Measuring Data Quality: Metrics Every Research Buyer Should Ask For
Removal rates, attention check pass rates, open-end scores and more: the numbers that show whether your sample was clean, and how to read them.

"Our data is high quality" is not a metric. When a provider says it, the right response is, "Great, show me the numbers from my last project."
Here's the short list I'd want on every quality report.
Key takeaways
- Ask for metrics at three stages: entry, in-survey and post-field.
- Blocked-entrant counts by reason show how much fraud was stopped before it cost you.
- A removal rate with no breakdown tells you very little.
- Compare metrics across projects and sources, not in isolation.
Entry-stage metrics
These tell you what never reached your survey.
- Entrants blocked, by reason: duplicate device, proxy or VPN, geo mismatch, known fraud profile.
- Cross-source duplicate rate: how often the same person arrived through more than one supplier.
A provider that can't report these probably isn't checking at entry, which means you're paying for fraud to get in and then paying again to clean it out. QualityShield reports blocked entrants by layer on every project.
In-survey metrics
- Speeder rate against a section-level threshold.

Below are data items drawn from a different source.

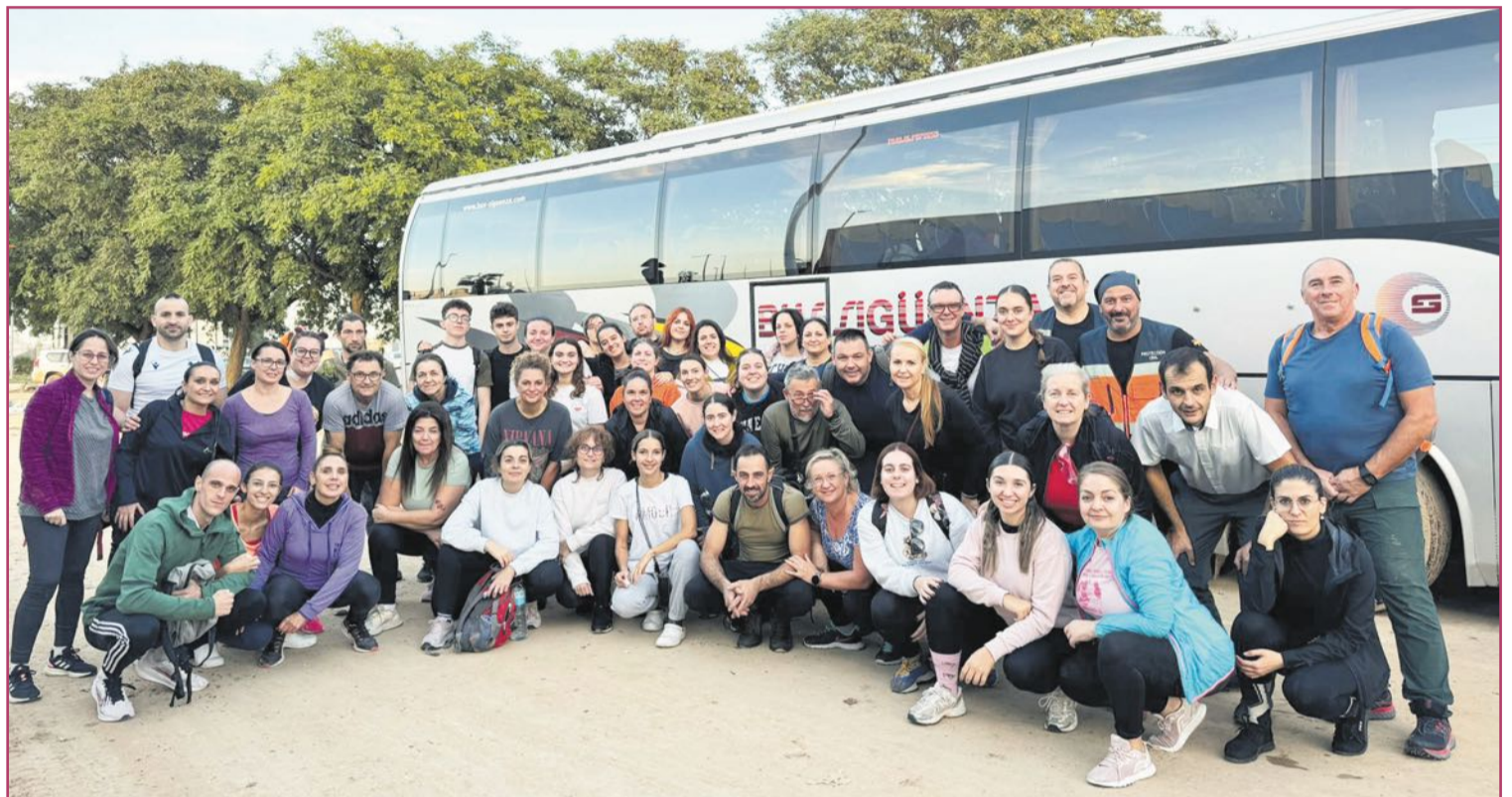
Voluntarios oriolanos camino a València (17-noviembre-2024).

Del centro logístico, fue la desorganización. Se necesitaban muchas manos para descargar camiones, ordenar material, embalar cajas y distribuir alimentos. Los voluntarios debemos ser el relevo para las personas que llevan más de veinte días conviviendo con el barro.
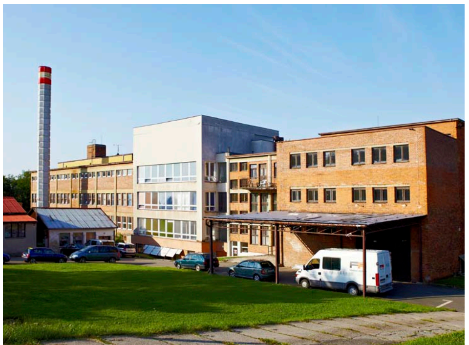
Filmové ateliéry

Informace o stavu připravenosti tohoto integrovaného projektu k realizaci byla předána na Zlínský kraj, k zařazení lokality Filmových ateliérů mezi potenciální rozvojové zóny Zlínského kraje. [red]
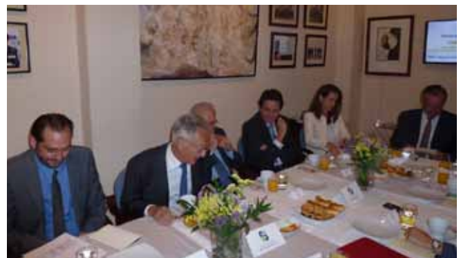
Planos generales de los asistentes
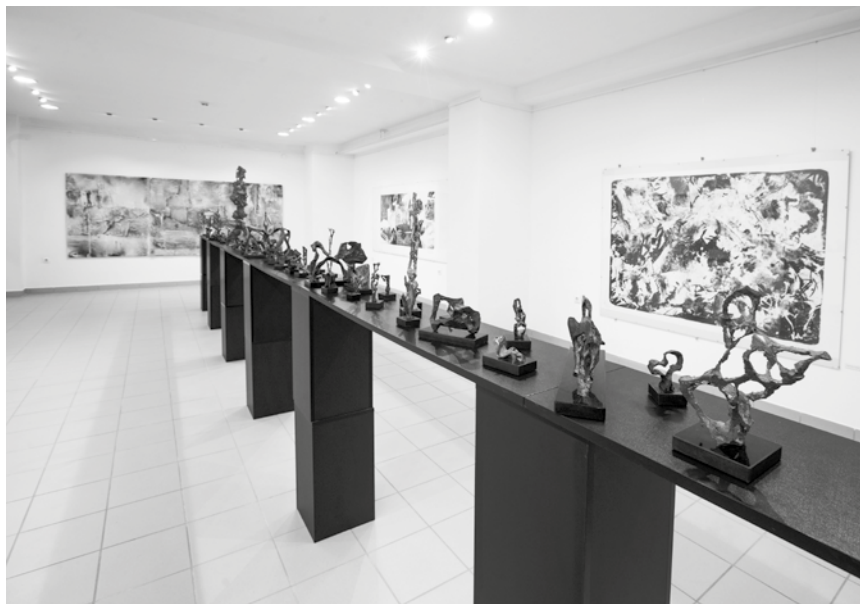
Kiállítási enteriőr a Gönczi Ferenc Galériában – Zalaegerszeg

san kapott megrendeléseket galériáktól, művei pedig a legrangosabb amerikai múzeumok gyűjteményeiben is jelen vannak. Szülőhazájával a rendszerváltás után lett ismét élénkebb a kapcsolata: ezt követően többször hívták ki-
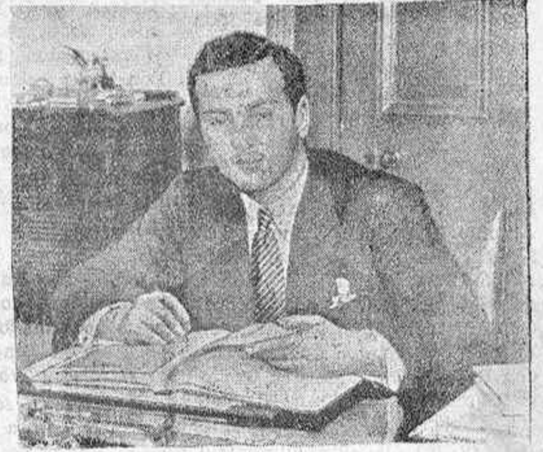
Esta es la última fotografía del nuevo Rey de Egipto, Farouk I, lograda por un fotógrafo de la Agencia Arco Mediterráneo, en la Universidad militar inglesa, donde estaba éste cursando sus estudios.

- Straight-lining rate on grids.
- Attention check pass rate. Useful, but remember AI agents pass these easily, so a high pass rate is not proof of quality on its own.
- Paste events on open ends.
Post-field metrics
- Removal rate, by reason. Speeding, patterning, open-end quality, inconsistency.
- Replacement rate and whether replacements were free.
- Open-end quality score distribution, not just the average.
Reading the report
Very low removal rates are not automatically good news. They can mean excellent sample, or weak checks. Very high rates signal a source problem. The useful view is trend: the same study type, same audience, compared over time and across sources. That's the idea behind the benchmarking work coming out of the Global Data Quality initiative, and it's worth following.
When you evaluate a sample provider, ESOMAR's "37 Questions to Help Buyers of Online Sample" is still a solid checklist to send along with your RFP.
FAQ
What is an acceptable survey removal rate?
It depends on audience and source. For verified panels with entry screening, post-field removals are typically modest. Much higher numbers point to a source or questionnaire issue worth investigating.
Which data quality metrics matter most?
Blocked entrants by reason and removals by reason. Together they show how much bad traffic was stopped before your survey and how much still needed cleaning afterward.